Hello,
I am trying to write table from a dataframe to bigTable and facing some errors. I am looking this notebook.
Jar:
bigtable_spark_connector_jar="gs://spark-lib/bigtable/spark-bigtable_2.12-0.1.0.jar"
Session:
spark = SparkSession.builder \
.appName('df-to-bigtable')\
.config("spark.jars", bigtable_spark_connector_jar) \
.config("spark.jars.packages", "org.slf4j:slf4j-reload4j:1.7.36") \
.getOrCreate()
Spark version:
3.5.0
Scala Version:Scala code runner version 2.12.18
Writing data: df.repartition(10) \
.write \
.format("bigtable") \
.options(catalog=catalog) \
.option("spark.bigtable.project.id", bigtable_project_id) \
.option("spark.bigtable.instance.id", bigtable_instance_id) \
.option("spark.bigtable.create.new.table", create_new_table) \
.save()
Its erroring out:Py4JJavaError: An error occurred while calling o338.save.
: org.apache.spark.SparkClassNotFoundException: [DATA_SOURCE_NOT_FOUND] Failed to find the data source: bigtable. Please find packages at `https://spark.apache.org/third-party-projects.html`.
at org.apache.spark.sql.errors.QueryExecutionErrors$.dataSourceNotFoundError(QueryExecutionErrors.scala:724)
at org.apache.spark.sql.execution.datasources.DataSource$.lookupDataSource(DataSource.scala:647)
at org.apache.spark.sql.execution.datasources.DataSource$.lookupDataSourceV2(DataSource.scala:697)
at org.apache.spark.sql.DataFrameWriter.lookupV2Provider(DataFrameWriter.scala:863)
at org.apache.spark.sql.DataFrameWriter.saveInternal(DataFrameWriter.scala:257)
at org.apache.spark.sql.DataFrameWriter.save(DataFrameWriter.scala:248)
at java.base/jdk.internal.reflect.NativeMethodAccessorImpl.invoke0(Native Method)
at java.base/jdk.internal.reflect.NativeMethodAccessorImpl.invoke(NativeMethodAccessorImpl.java:62)
at java.base/jdk.internal.reflect.DelegatingMethodAccessorImpl.invoke(DelegatingMethodAccessorImpl.java:43)
at java.base/java.lang.reflect.Method.invoke(Method.java:566)
at py4j.reflection.MethodInvoker.invoke(MethodInvoker.java:244)
at py4j.reflection.ReflectionEngine.invoke(ReflectionEngine.java:374)
at py4j.Gateway.invoke(Gateway.java:282)
at py4j.commands.AbstractCommand.invokeMethod(AbstractCommand.java:132)
at py4j.commands.CallCommand.execute(CallCommand.java:79)

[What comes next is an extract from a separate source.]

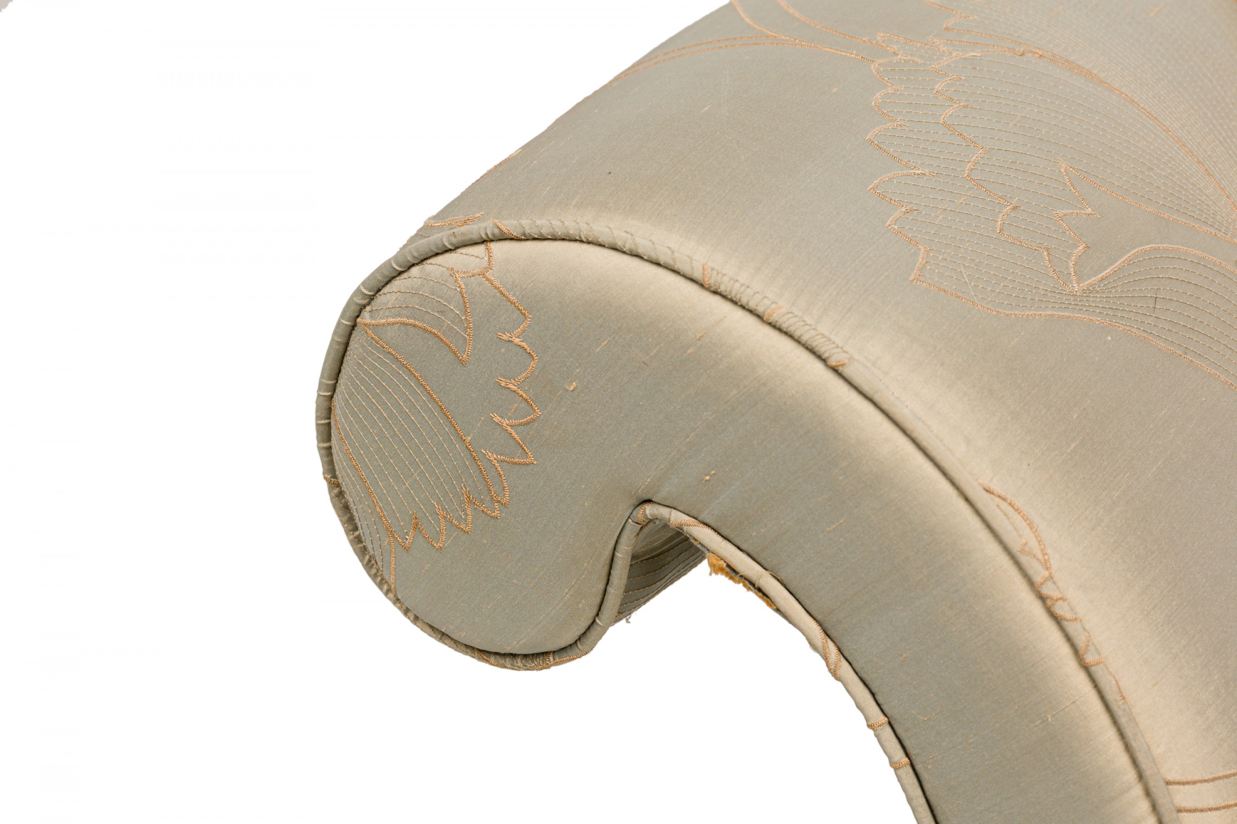 English George III Parcel Gilt Painted Gray Embroidered Satin Upholstered Window Seat
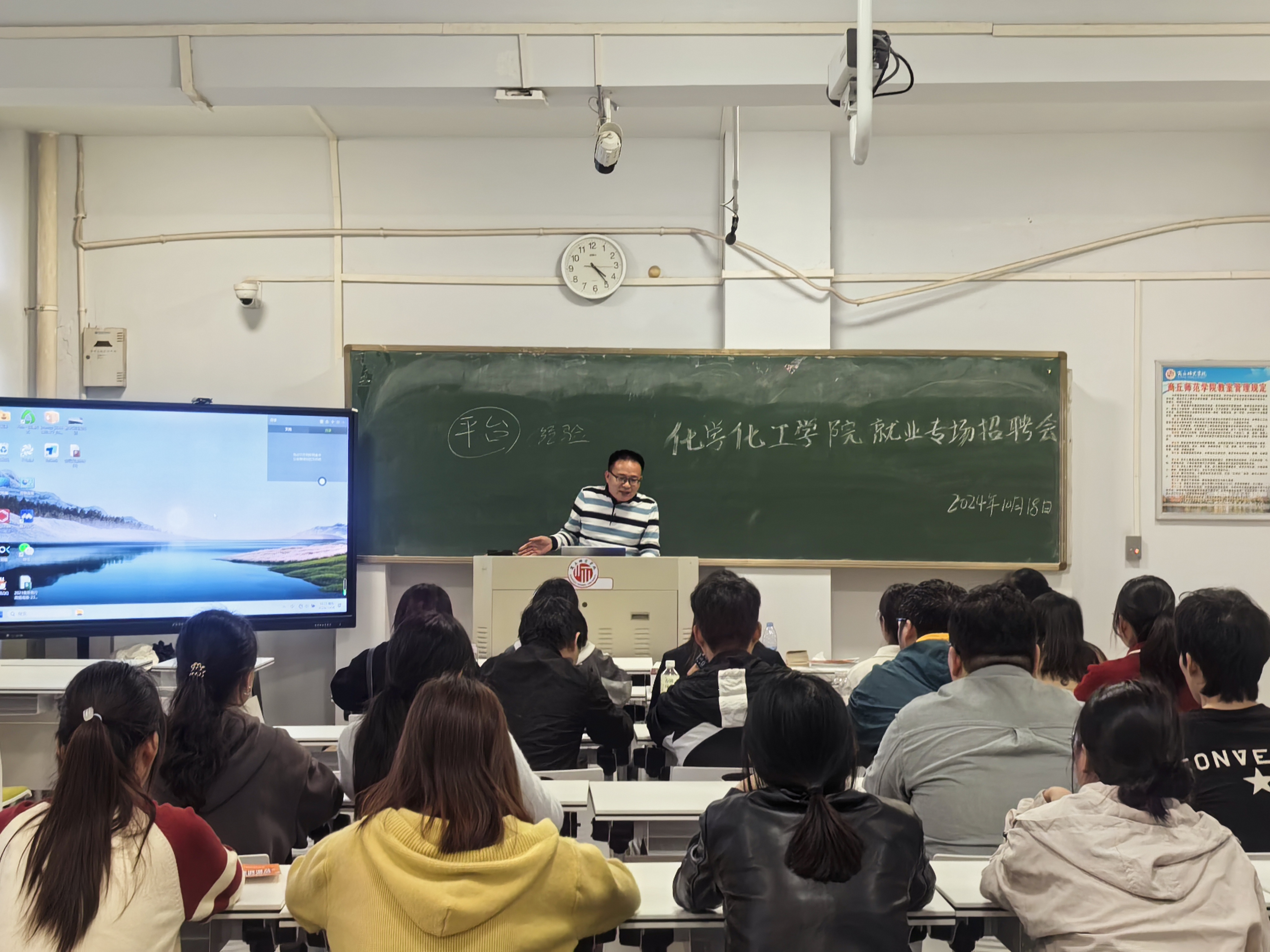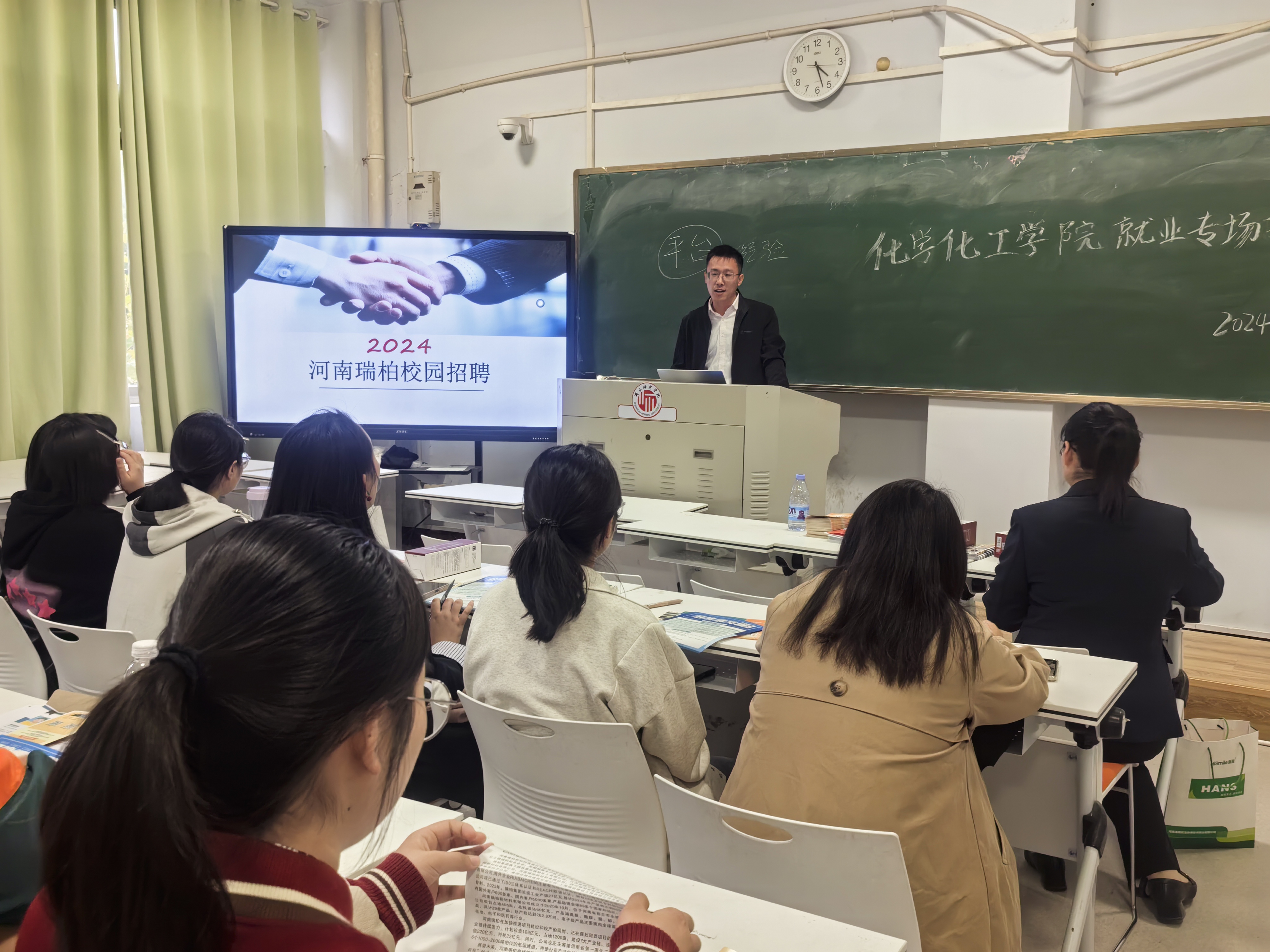 10月18日,化学化工学院举办了就业专场招聘会,邀请到河南瀚斯作物保护有限公司、惠州市德富晟新材料有限公司、河南瑞柏新材料有限公司三家企业进行就业宣讲。学院党委副书记张颜梅、2025届毕业生辅导员郭家瑞出席活动。活动由张颜梅主持。

at py4j.ClientServerConnection.waitForCommands(ClientServerConnection.java:182)
at py4j.ClientServerConnection.run(ClientServerConnection.java:106)
at java.base/java.lang.Thread.run(Thread.java:829)
Caused by: java.lang.ClassNotFoundException: bigtable.DefaultSource
Can someone please take a look?
Thanks,Venkat